Being neither of those things, Ahmed and her situation actually point to a growing trend in America right now: More adults, especially younger adults, are either moving back in with family or never leaving at all.
According to the Pew Research Center, a quarter of all adults ages 25 to 34 now live in a multigenerational living situation (which it defines as a household with two or more adult generations).
It’s a number that’s been creeping upward since the early ‘70s but has swung up precipitously in the last 15 years. The decennial US Census measures multigenerational living slightly differently (three or more generations living together), but the trend still checks out. From 2010 to 2020, there was a nearly 18 percent increase in the number of multigenerational households.
As a GenX I am the previous generation so you must be talking about the Boomers. My Wife and I lived with her Silent Generation parents for nearly 4 years after getting married. Even today many of the GenX and Millennial parents I know have had their adult children living with them well beyond High School and even College Graduation.
The Boomers were basically the only generation that could afford and eschewed multi-generational housing. The rest of us are just muddling along the best we can.
GenX here too. I think the difference for us was that if you were going back to live with parents after becoming an adult (especially if you had a wife and perhaps a new child) was that it was always seen as temporary.

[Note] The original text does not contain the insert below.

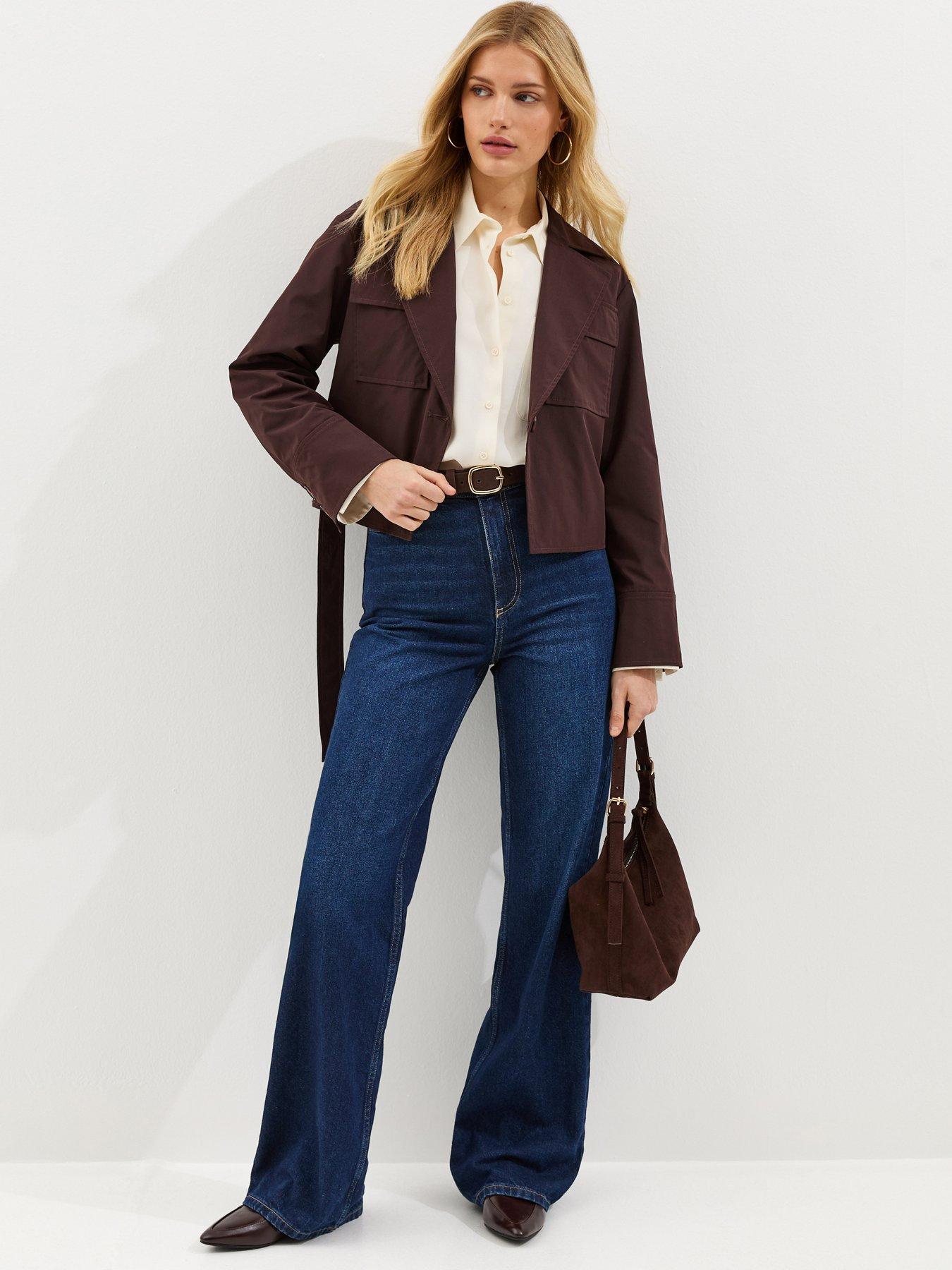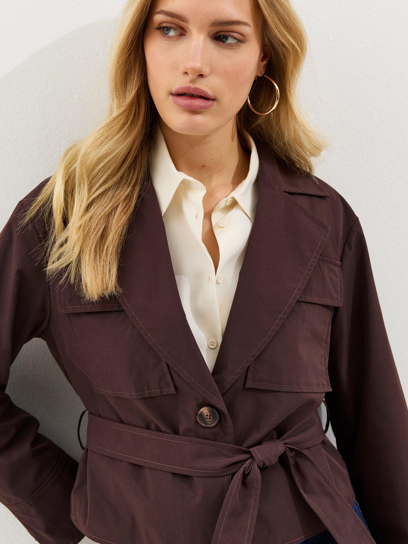 New Look Brown Double Pocket Belted Short Belted Mac

The impression I get now is that young people today don’t have the planned end date because opportunity is slim and costs are high. They can’t know when they’ll be able to leave. There’s no apparent path for them. So instead it becomes “live with parents” with no planned end date because they don’t see anything that can change the situation inside their control. This is just my guess though through observation. I could be radically wrong.
That’s true. Although for many people it was never really temporary. We remember the people who moved away and built their own house by hand, but forget those who never left home. Many people had no real individualistic future because they died young or had to care for their aging relatives.
Those people were all just trying to survive, like us now.